As the Tallis family matriarch, Emily keeps a close watch on the social and domestic nuances of her household, believing herself to be knowledgeable about the behavior and experiences of her children, guests, and employees. Frequently victimized by migraines, Emily often retreats to her bedroom, where she lays silent and listens to the comings and goings of the household, noting the many movements and conversations of its members. Emily has a particularly affectionate relationship with her youngest child, Briony, and reveals that motherhood is the most joyful and fulfilling aspect of her life, which has otherwise been banal and unsatisfying. Although she’s skeptical of Cecilia’s feminist pretensions, Emily is undoubtedly constrained by the limitations of conservative, traditional womanhood, and has found herself inert and fatigued, locked into a monotonous routine of domestic duties. She dreads Briony’s transition into young adulthood, because without a child to care for, Emily will have to contend with her broken marriage and mundane life. Aware that her husband Jack is adulterous, Emily allows his indiscretions to pass without comment, assuming that he will eventually return to her. Emily has endured several perceived disappointments in life, which include Jack’s unfaithfulness as well as her sister Hermione’s melodramatic temperament, but seems to have made peace with the fact that she often is not the priority of her loved ones.

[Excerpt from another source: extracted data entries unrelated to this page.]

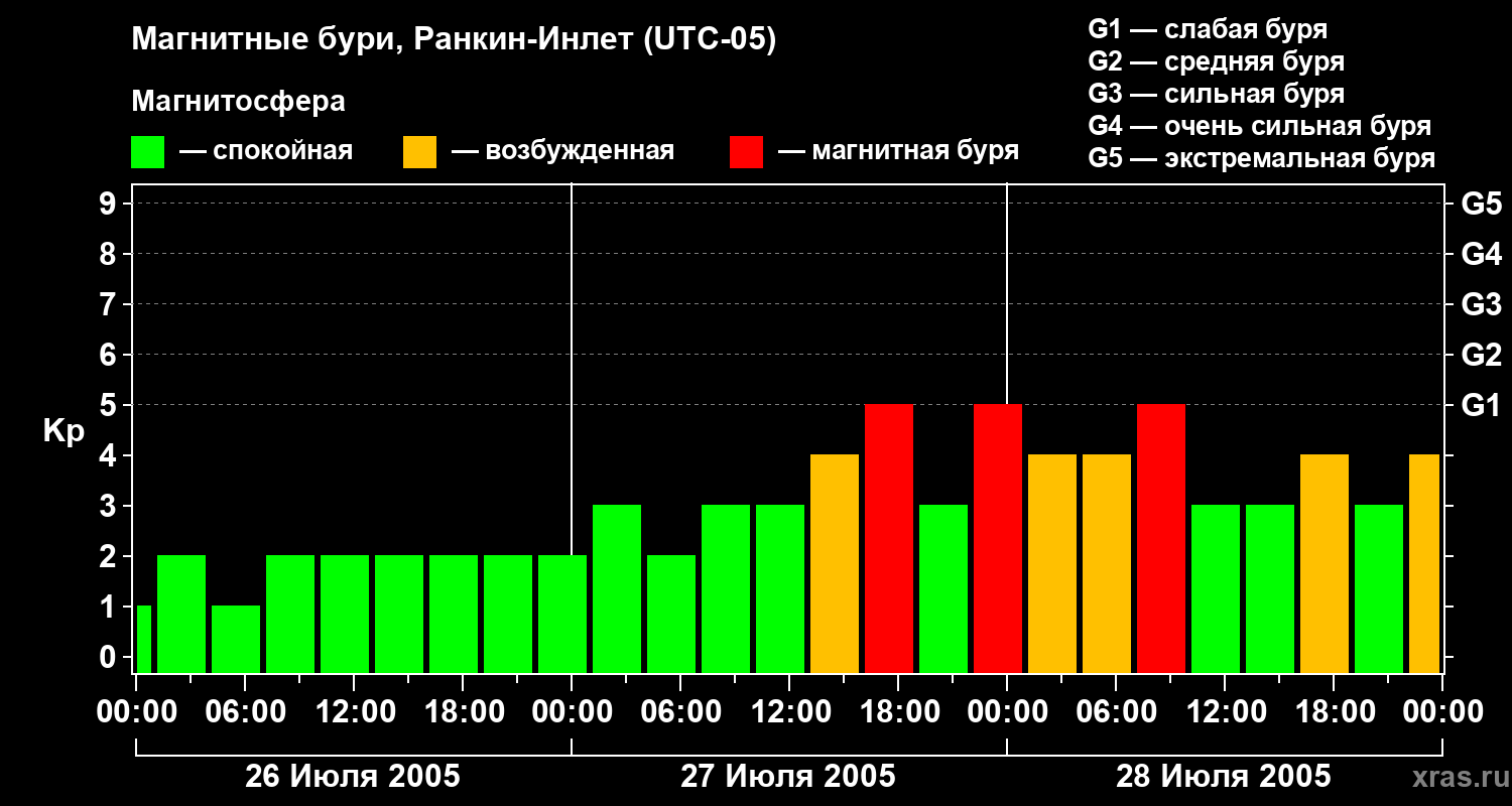 Магнитные бури в Ранкин-Инлете — 28 июля 2005 года
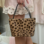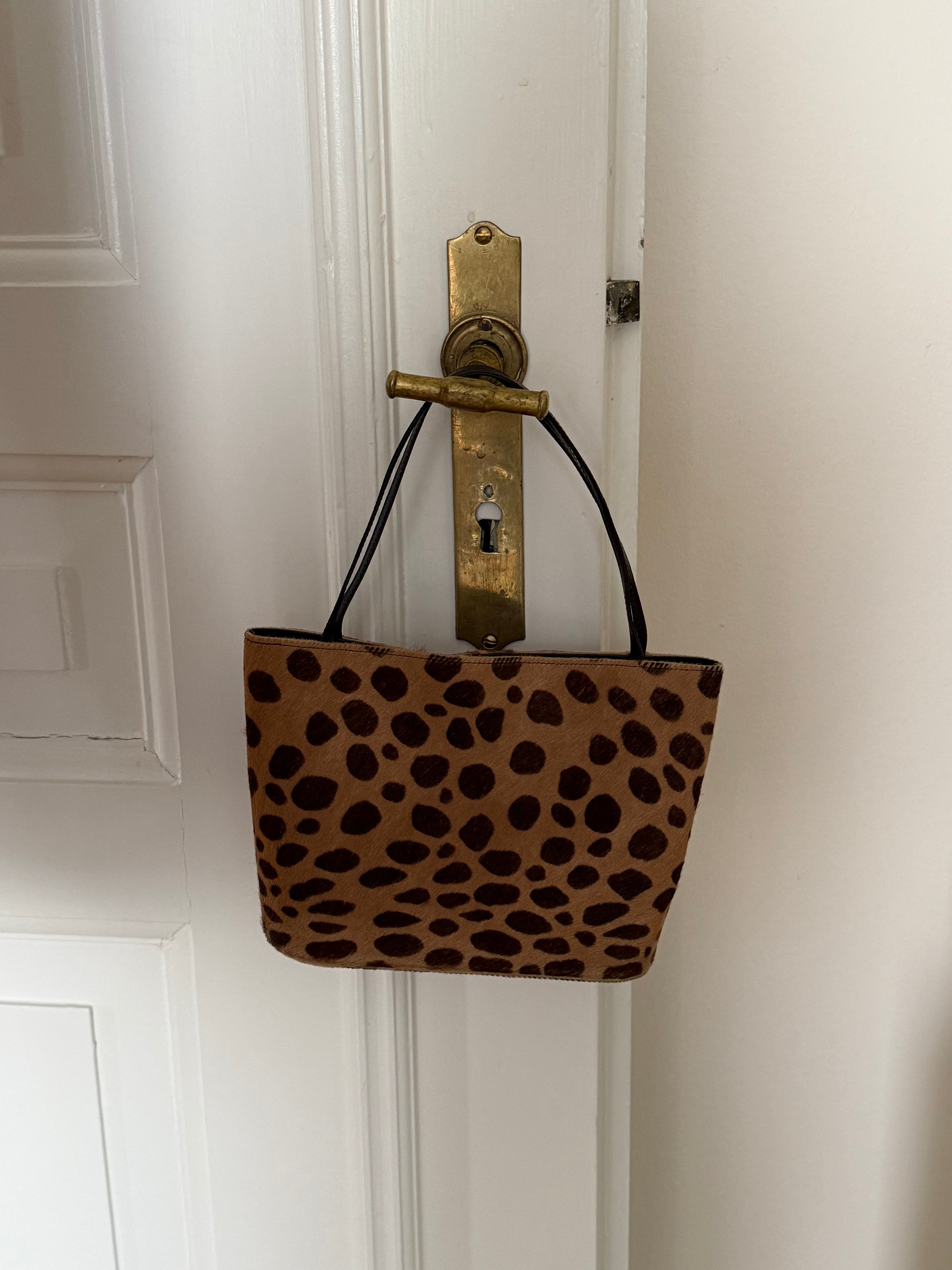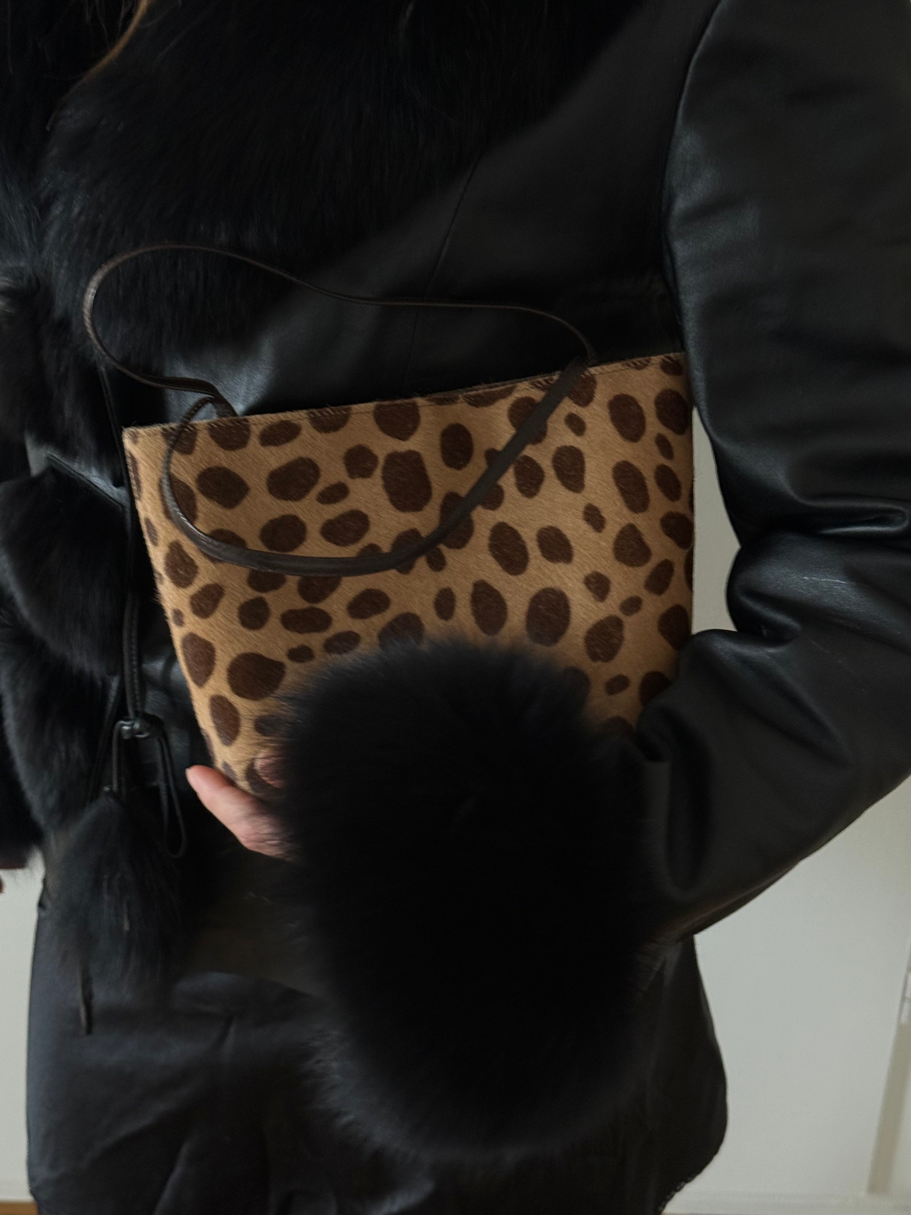 Beautiful vintage pony hair mini bag from Manolo Blahnik with cheetah print and magnetic closure.
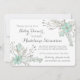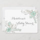 Personalisierte Babydusche Einladungen in Vintagen und rustikalen Frühling pastellfarbenen türkisfarbenen Aqua aquamarine blaue und graue Blume Illustrationen.
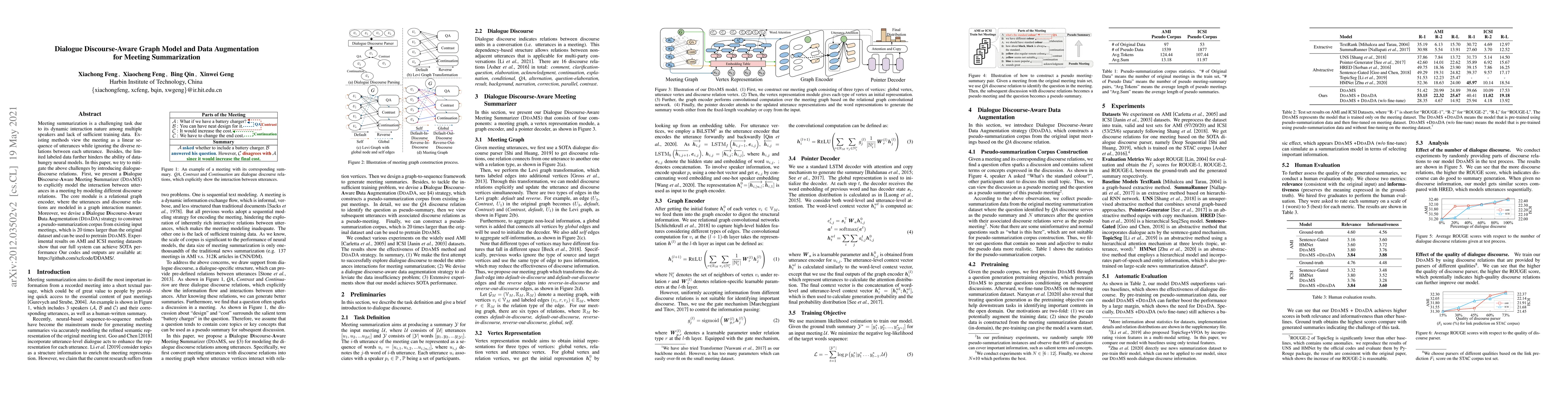 This paper introduces a Dialogue Discourse-Aware Meeting Summarizer (DDAMS) that models interaction between utterances using a relational graph encoder and a Dialogue Discourse-Aware Data Augmentation (DDADA) strategy to augment training data, achieving state-of-the-art performance on AMI and ICSI datasets. The DDADA method creates a significantly larger pseudo-summarization corpus to pretrain DDAMS.
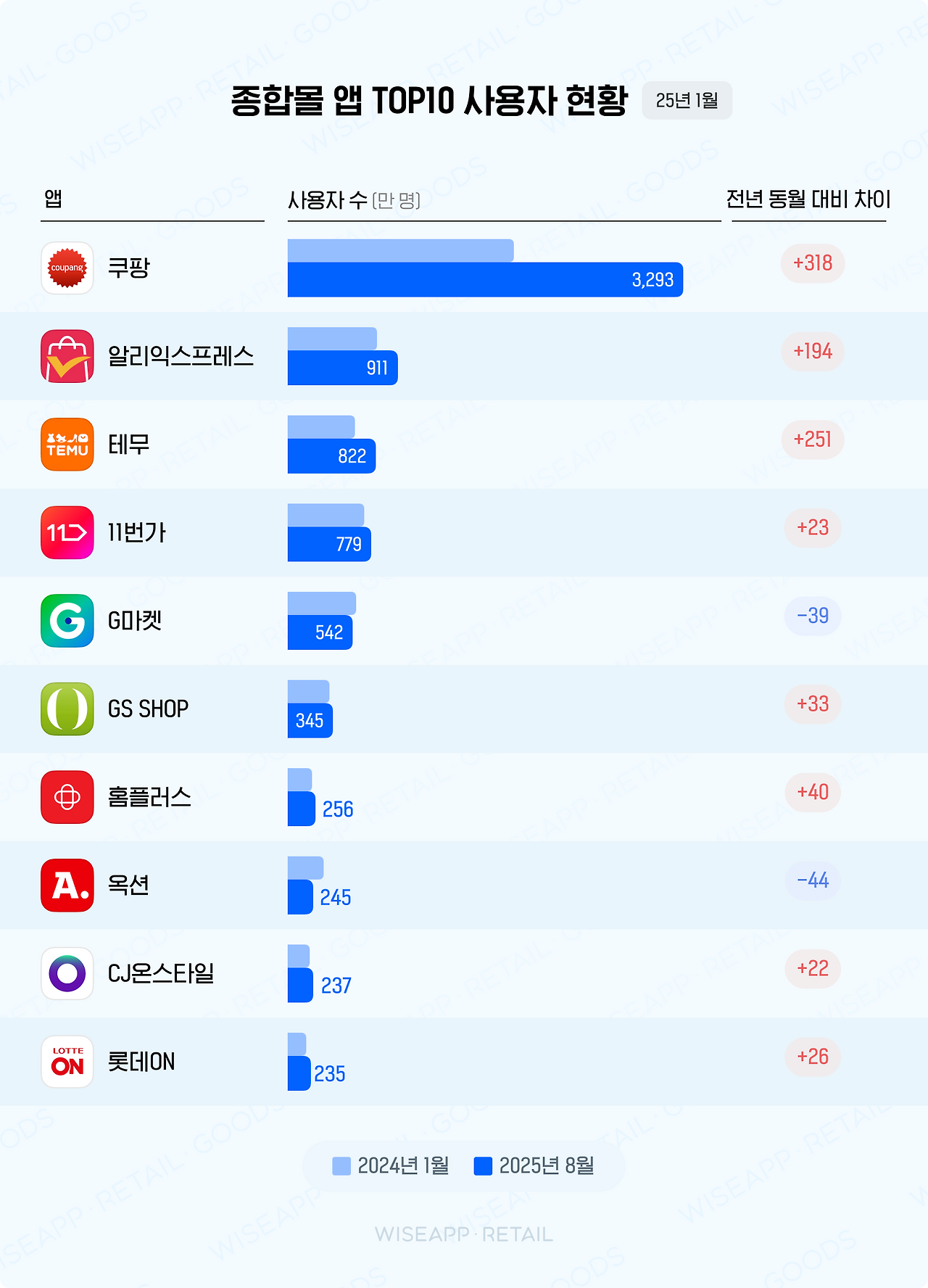 WISEAPP의 2025년 1월 조사에 따르면, **알리익스프레스(911만 명, +194만 명 증가)**와 **테무(822만 명, +251만 명 증가)**의 사용자 수가 급격히 증가했습니다. 반면, **G마켓(542만 명, -39만 명 감소)**과 **옥션(245만 명, -44만 명 감소)**은 하락세를 보였습니다. 과연 C-커머스가 한국 e커머스를 장악할 수 있을까요?

However, Emily does not understand the goings-on of her household as well as she believes she does, nor is she immune to the biases that corrupt her perception. While she hears Paul Marshall and Lola conversing alone in a nearby room as she recovers from a migraine, she does not hear the following scuffle that results in bruising and scratches on Lola and a large scratch on Marshall’s face. Additionally, she believes that Marshall is simply endearing himself to the children by socializing with Lola, and never questions why the two were alone together. When Emily is given another opportunity to further investigate Lola’s situation, she thinks to herself that Lola’s wounds are particularly concerning and wonders how two little boys could have caused them. However, rather than question Lola or her little brothers about the bruising and the siblings’ supposed fight, she fails to take the matter seriously and resents Lola’s dramatic emotional reaction. Emily cannot separate Lola from Lola’s mother, Hermione, who is Emily’s difficult and attention-seeking sister. Just as Briony constructs a narrative about Robbie and Cecilia that fits her own limited worldview, Emily does the same with Lola, which keeps her from seeing the truth about the rape that occurs within her own home. Emily also miscalculates the severity of her marital problems. While she believes that decorum and old age will bring Jack back home to her, Briony’s 1999 section reveals that the couple divorced, and Jack married another woman.

Emily is also the most potent representation of the old-school English classism that exacerbates Robbie’s unjust treatment. Raised in a society with a strict class hierarchy, Emily has been taught to view an individual’s class status as indicative of their values, intelligence, and morality. Although Emily is not alone in this thinking, as all the characters in Atonement are affected by class prejudices, it does explain why she quickly and vigorously believes in Robbie’s villainy and works to see him punished. In Emily’s worldview, it is natural that a lower-class man would be the guilty party in a rape. It would have been far less in accordance with her worldview to consider that an upper-class gentleman like Marshall may have been the actual culprit. Emily is a vestige of a traditional England predicated on a rigid hierarchy of class and gender that, over the course of the novel, is in the slow process of disappearing. By the end of the book, Briony notes that one can no longer tell someone’s level of education by their behavior or appearance as one could when she was a child. At this point, Emily has been dead for some time, and the old world is fading away with her.